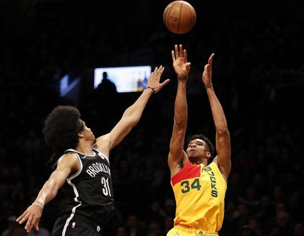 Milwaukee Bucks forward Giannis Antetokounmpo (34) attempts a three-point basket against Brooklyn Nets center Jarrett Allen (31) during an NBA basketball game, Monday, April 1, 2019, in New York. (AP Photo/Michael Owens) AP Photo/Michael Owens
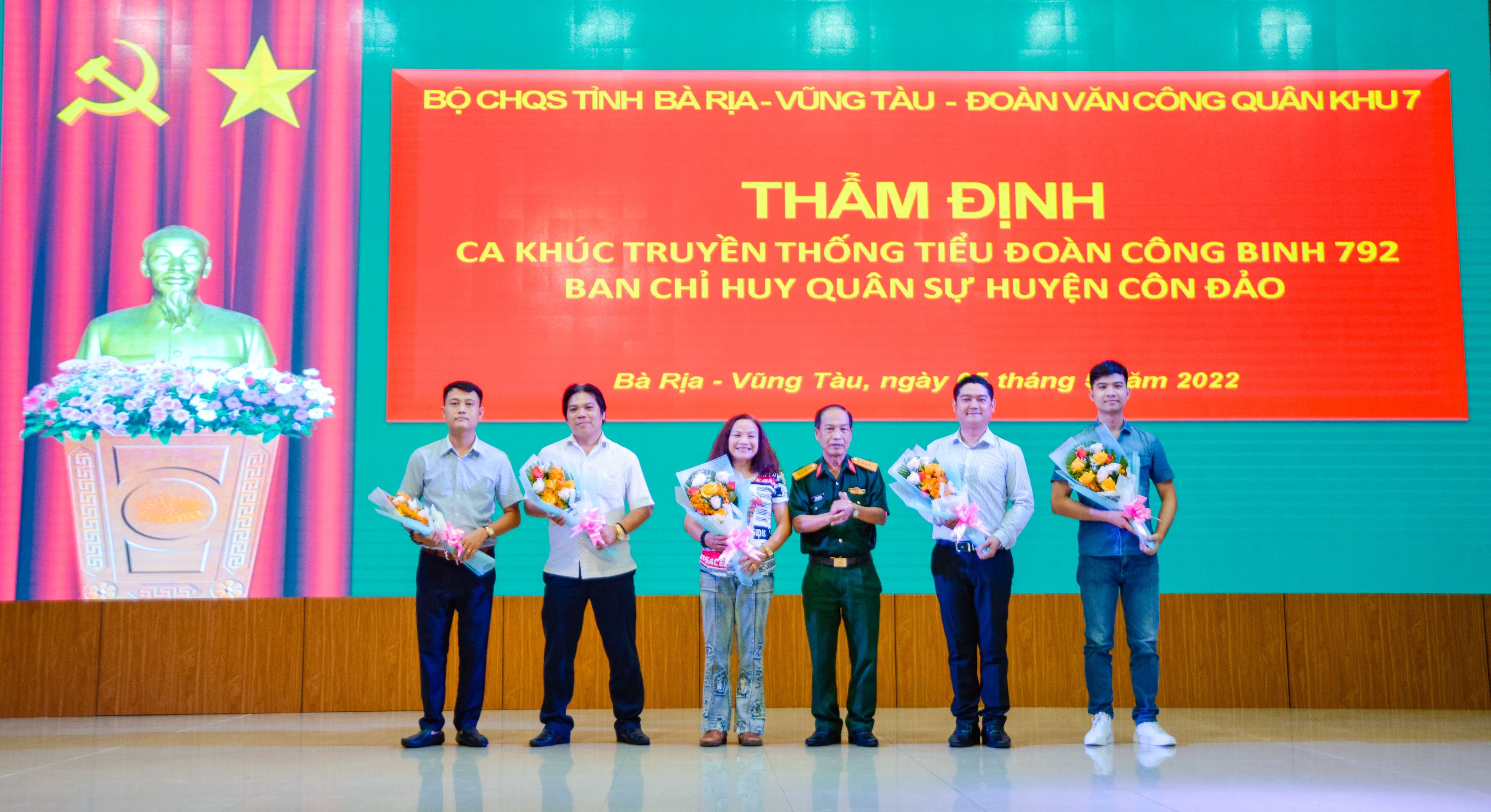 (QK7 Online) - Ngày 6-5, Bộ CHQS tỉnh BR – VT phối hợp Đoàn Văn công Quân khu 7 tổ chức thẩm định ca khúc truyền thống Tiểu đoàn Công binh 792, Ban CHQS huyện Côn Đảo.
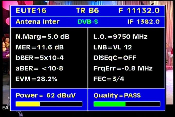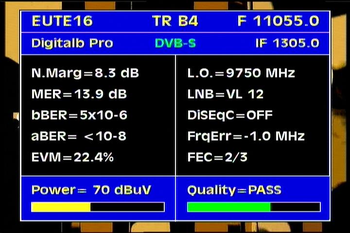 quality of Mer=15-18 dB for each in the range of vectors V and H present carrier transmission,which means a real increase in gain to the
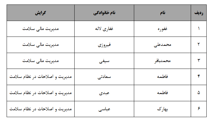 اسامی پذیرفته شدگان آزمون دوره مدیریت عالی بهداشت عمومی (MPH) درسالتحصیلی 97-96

What you are asked to do: Output each line exactly as shown above; no pictures go in the copy.

The completed task:
 Milwaukee Bucks forward Giannis Antetokounmpo (34) attempts a three-point basket against Brooklyn Nets center Jarrett Allen (31) during an NBA basketball game, Monday, April 1, 2019, in New York. (AP Photo/Michael Owens) AP Photo/Michael Owens
 (QK7 Online) - Ngày 6-5, Bộ CHQS tỉnh BR – VT phối hợp Đoàn Văn công Quân khu 7 tổ chức thẩm định ca khúc truyền thống Tiểu đoàn Công binh 792, Ban CHQS huyện Côn Đảo.
 quality of Mer=15-18 dB for each in the range of vectors V and H present carrier transmission,which means a real increase in gain to the
 اسامی پذیرفته شدگان آزمون دوره مدیریت عالی بهداشت عمومی (MPH) درسالتحصیلی 97-96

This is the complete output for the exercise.